Gregson (Estate) v CAA Insurance, 2021 ONSC 3041

Read time: 2 minutes (approx.)

Written by: Weston McArthur (Student-At-Law)


In March of 2017, Agnes Gregson’s house suffered water damage from cracked pipes. In 2016, a social worker determined that Ms. Gregson, who was elderly, was unable to look after herself and she was placed in a retirement home. No one lived in the home after she moved out. Ms. Gregson passed away in September 2019.

Ms. Gregson’s Estate (the Plaintiff) sought coverage for water damage to the property. The house was insured by CAA Insurance Company (the Defendant).

The Plaintiff’s insurance policy had an exclusion that mandated that the Defendant would not pay out claims “for unintended risk due to damages to property that is vacant or has become vacant after the issuance of the policy”. The vacancy period was defined in the policy as being 30 consecutive days.

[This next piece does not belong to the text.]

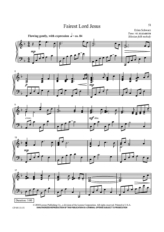 Digital Sheet Music for Fairest Lord Jesus by Silesian Folk Song, Erinn Schwarz scored for Piano Solo; id:434056
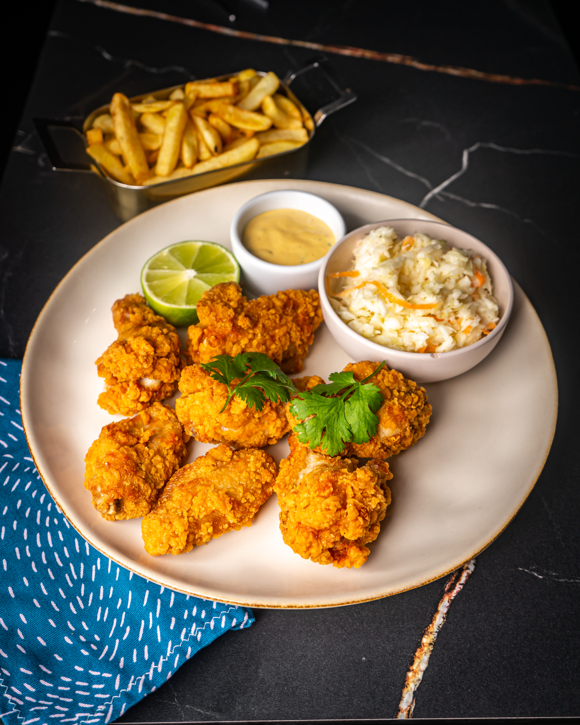 Chrupiące, pikantne skrzydełka w złocistej panierce, podane z kremowym sosem mango z nutą świeżej kolendry. Do tego klasyczny coleslaw i grubo krojone frytki stekowe. Kompozycja, która łączy ostrość, świeżość i chrupkość w street-foodowym stylu.

Evidence showed that while the Plaintiff lived in the retirement home, her lawyer attended at the property every few weeks to maintain it and make sure it was heated. However, the court found that the Plaintiff had no real plans to return to residing in her home, no matter how badly she may have wanted to.

The court had to determine whether the vacancy exclusion barred coverage in this case. Ultimately, the court ruled that it did. The court explained that the property owner’s obvious inability to ever be able to return to living in the home was the decisive factor when deeming this property to be vacant.